To effectively debug or prototype a SCHISM run (or any MPI-based Azure Batch task), use an interactive "dummy wait" strategy. This allows you to board the exact compute node where the job is deployed to troubleshoot environment issues or test command sequences in real-time.
The first step in prototyping is to submit your Batch job using a modified YAML configuration or command. Instead of executing the actual SCHISM run immediately, replace the primary command with a wait command.
- Purpose: This keeps the task in a "Running" state indefinitely, preventing Azure Batch from terminating the task and shutting down the compute node.
- Cost Awareness: Remember that while the node is "waiting," you are being charged for the compute time (e.g., approximately $4.00/hour for an H-series node).
Once the node is in the "Running" state, you must create a user account to log in via SSH.
- Navigate to the Nodes view in the Azure Portal or Azure Batch Explorer.
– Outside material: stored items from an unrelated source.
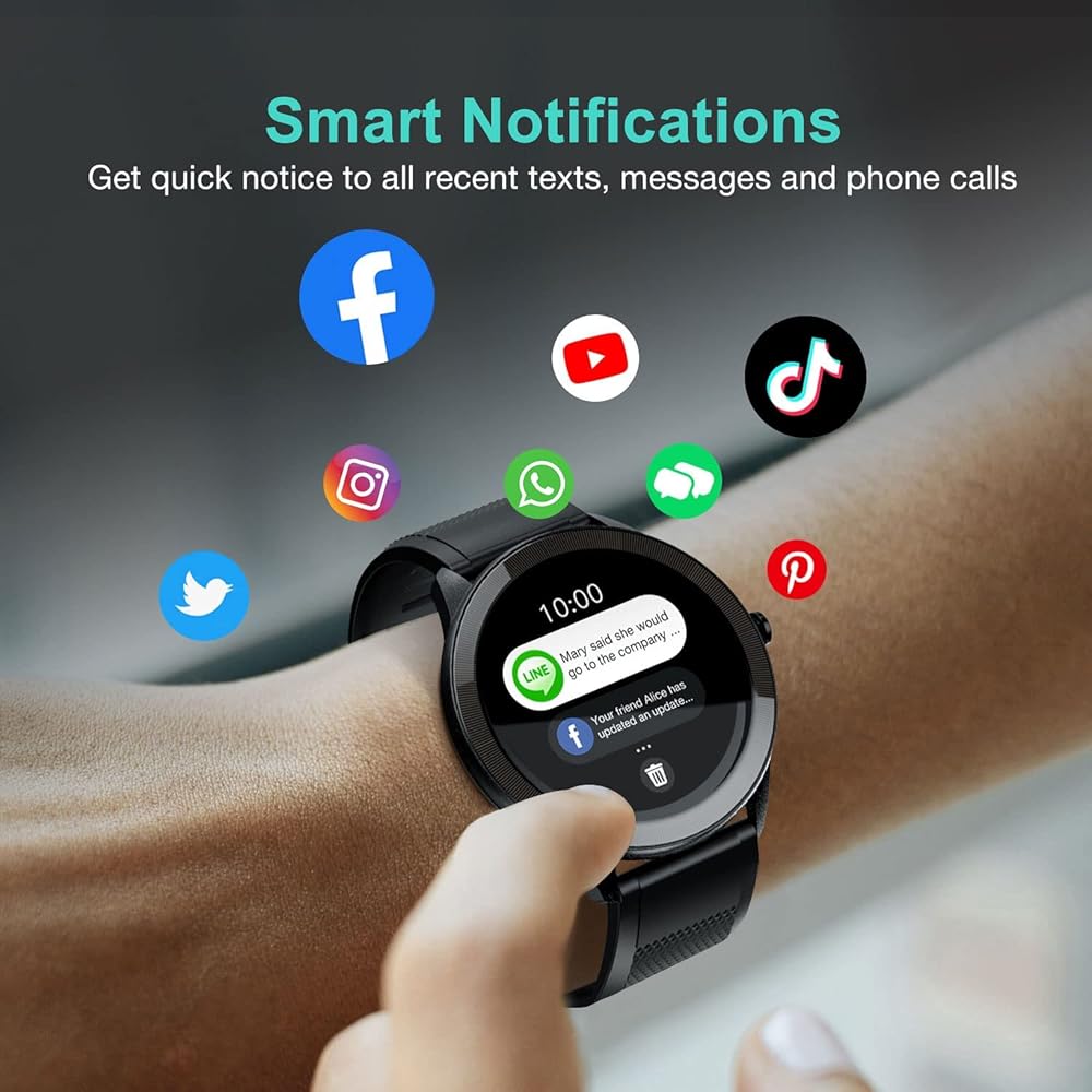 The watch has many sports functions and is easy to use by simply touching the display to switch back and forth. The watch is connected via Bluetooth and the phone APP. When your phone receives a message or call, the watch will vibrate to remind you . You can view 5 latest phone messages, which is from SMS, Facebook, Whatsapp, Twitter, Instagram, Facebook Messenger, LinkedIn, etc.
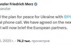 «Я только что обсудил план мира для Украины с президентом США в хорошем и конфиденциальном телефонном разговоре.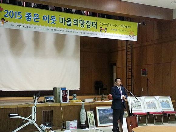 수원시가 마을르네상스사업의 기금조성 인큐베이팅을 위해 지난 28일 영통종합사회복지관에서 2015 좋은 이웃 마을희망장터 바자회를 열어 성황을 이뤘다.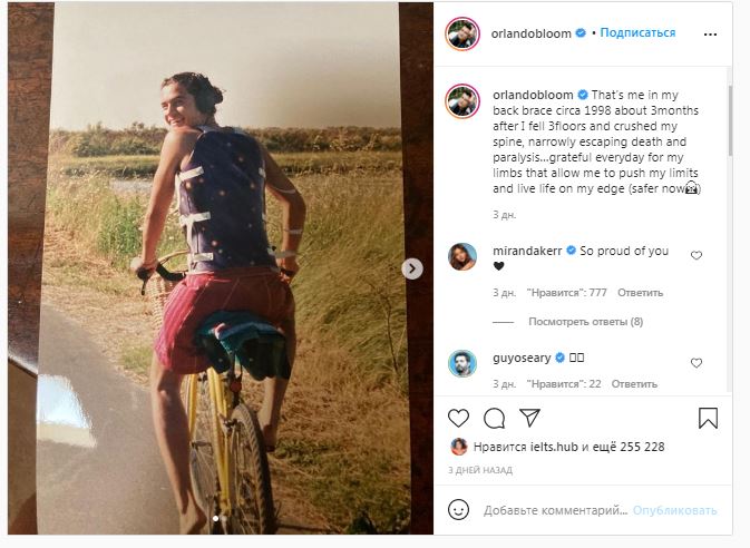 Британский актер Орландо Блум рассказал, что едва не умер в 1998 году после падения с третьего этажа. Пост на эту тему он опубликовал в своем Instagram-аккаунте, пишет Lenta.ru

- Select the specific node and click Add User.
- Configuration: Specify a username and password. It is highly recommended to grant the user Administrative (sudo) privileges so you can manage root-level directories or install missing dependencies if needed.
- Expiry: You can set an expiry time for the user (default is often 24 hours), after which the credentials will lapse.
Visual Studio Code is the preferred tool for interacting with the node because it allows you to edit files and run terminals directly on the remote Linux environment.
- Host Information: Obtain the Public IP address of the node from the Azure Portal.
- SSH Configuration: Add a new entry to your VS Code SSH configuration file:
- Host Name: The node's IP address.
- User: The username you just created.
- Connection: Open a new window and connect to the host. When prompted, select Linux as the platform and enter the password you specified earlier.
Once logged in, navigate to the task working directory, typically located under:
/mnt/batch/tasks/workitems/[job_id]/[task_id]/wd
To replicate the automated Azure Batch environment and setup, execute the following scripts in order:
-
Source
env_vars.sh: This is a critical first step. Sourcing this file loads all necessary environment variables, module paths, and application settings required for SCHISM and MPI.source env_vars.sh -
Use
coordination_command.sh: Run this script to repeat the multi-node setup steps, such as configuring the host file for MPI and ensuring all nodes in the cluster are synchronized.bash coordination_command.sh
-
Use
application_command.sh: This script contains the actual execution logic. By running or modifying this script, you can manually triggerazcopycommands to bring in data or test thempiruncommand with specific flags.bash application_command.sh
Because the "wait" process keeps the node active, the pool will not automatically scale down. Once your prototyping is complete, you must manually delete the job or resize the pool to zero to stop the billing.